Calculate the pH of the solution that is prepared by mixing 26.06g of ammonium iodide (MM=144.942) and 5.08g of ammonia (MM=17.034g) in enough 0.066 M HCI to produce 1.00L of solution. Kb(NH3)=1.76x10^-5

I converted 24.06g and 5.08g to moles and i now I have to set up an ice box but i'm not sure how to write the reaction. I had NH4--> H+ + NH3 but I know that's not right. After the equation I would have to set up an ice box and solve for Ka then take the -log or that to find the pH?

This is a buffer problem with the slight complication of added HCl.
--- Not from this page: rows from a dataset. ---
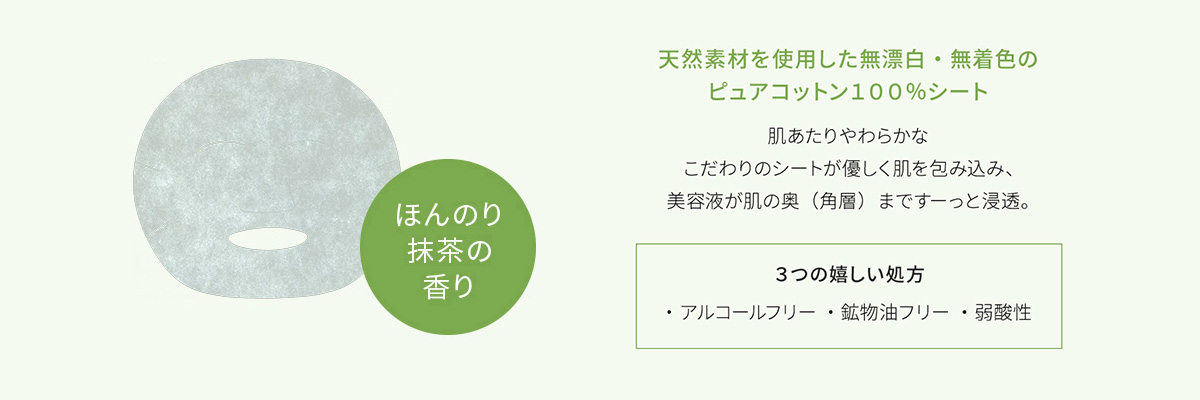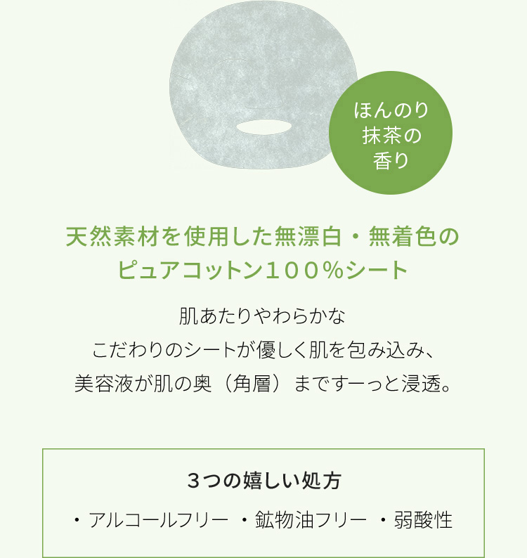 A sheet mask made of 100% pure cotton and a special Uji Matcha*1 blend.
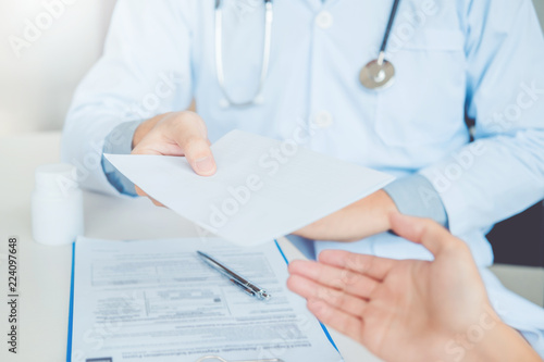 Doctor or physician writing diagnosis and giving a medical prescription to female Patient
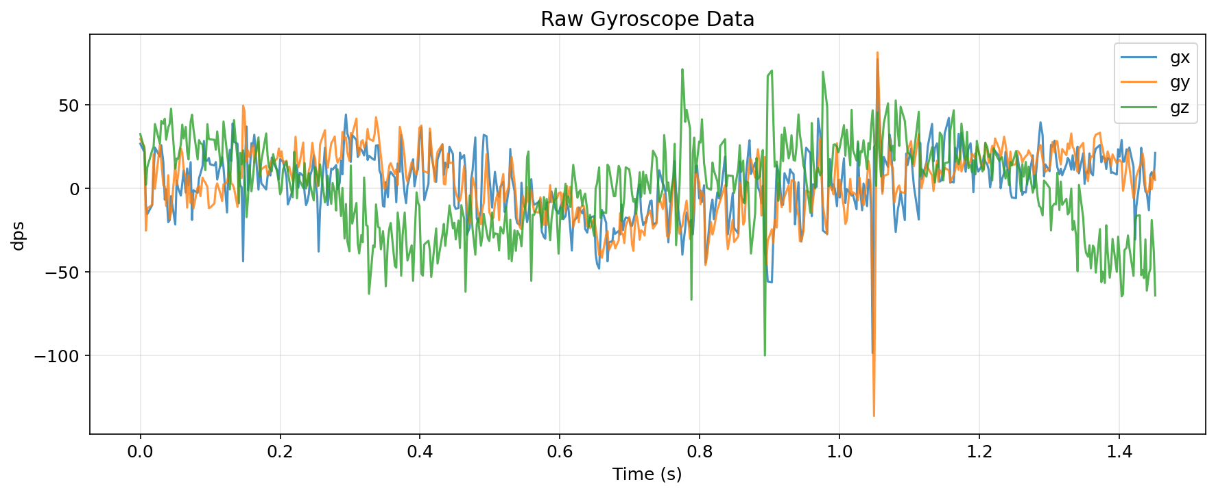 The gyroscope outputs angular velocity (dps), so integrating over time gives angle estimates:
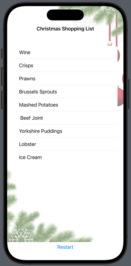 Now we want to start creating the shopping list view. I wanted to use a List for the styling & again we can pass in the created shopping list into the ForEach so each item is displayed.
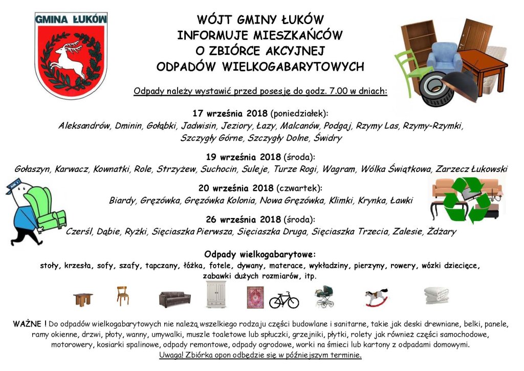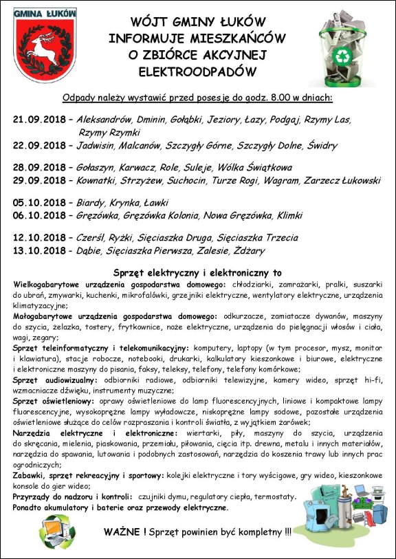 Od 17 do 26 września w poszczególnych miejscowościach będą odbierane odpady wielkogabarytowe, czyli na przykład: stare meble, dywany, materace, wykładziny, rowery, wózki dziecięce czy duże zabawki. Natomiast elektroodpady będą odbierane w terminie od 21 września do 13 października. Harmonogram odbioru odpadów znajdziecie Państwo na plakatach oraz na stronie Urzędu Gminy Łuków.
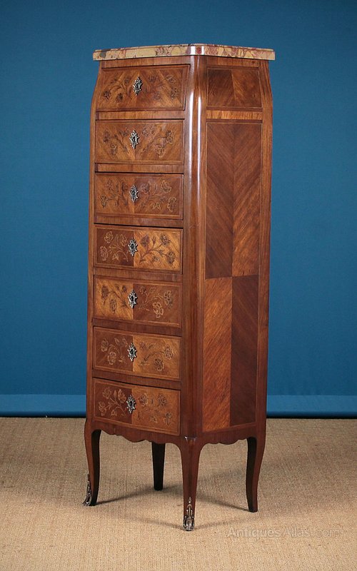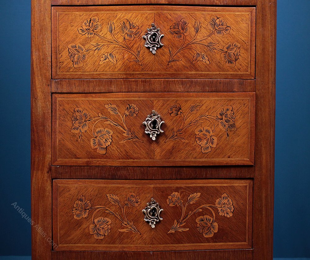 Diminutive early 20th.c. French semainier chest of drawers c.1930. So called because it has seven drawers, one for each day of the week, ideal for clothes, accessories or even filing – the drawers being big enough for sheets of A4 paper. Just 17″ wide, original marble top with shaped and moulded edge over seven serpentine fronted drawers with symmetrically arranged walnut veneers with floral pattern inlays, an inlaid and crossbanded border and ormolu escutcheons. Bombé shaped top, veneered and inlaid sides, shaped apron and feet with ormolu mounts. Excellent condition, cleaned and waxed in our workshops. Original key supplied.

The NH4I + NH3 is a buffer solution and the pH is determined by the Henderson-Hasselbalch equation. The complication is that HCl has been added to it so the thing to do is to calculate mols NH3 and subtract the mols HCl so that you are left with mols NH4I and mols NH3 (after the neutralization. But the neutralization forms NH4Cl and mols NH4Cl added to the mols NH4I will be the acid part of the H-H equation. mols NH3 will be the base part. Then pH = pKa + log(base)/(acid) and that should get it.
NH3 + HCl ==> NH4Cl

To determine the pH of the solution, you need to set up an ice box and consider the reaction between ammonium ion (NH4+) and water (H2O) according to the following equation:

NH4+ + H2O ⇌ NH3 + H3O+

To find the concentration of the ammonium ion (NH4+), begin by calculating the moles of ammonium iodide.

Moles of ammonium iodide = mass / molar mass
Moles of ammonium iodide = 26.06g / 144.942 g/mol

Next, calculate the concentration of the ammonium ion using the volume of the final solution:

Concentration of NH4+ = moles of NH4+ / volume of solution (L)

Since the final volume is given as 1.00 L, you can now determine the concentration.

Concentration of NH4+ = (moles of NH4+) / 1.00 L

Repeat the same steps for ammonia (NH3) using its given mass and molar mass:

Moles of ammonia = mass / molar mass
Moles of ammonia = 5.08g / 17.034g/mol

Concentration of NH3 = (moles of NH3) / 1.00 L

Once you have obtained the concentrations of NH4+ and NH3, you can set up the equilibrium expression:

Kb = [NH3][H3O+] / [NH4+]

Since Kb is given as 1.76x10^-5, you can rearrange the equation to solve for [H3O+]:

[H3O+] = (Kb x [NH4+]) / [NH3]

Evaluate the concentrations and solve for [H3O+]. Finally, calculate the pH using the equation:

pH = -log[H3O+]

Remember to round your calculated pH value to the appropriate number of decimal places.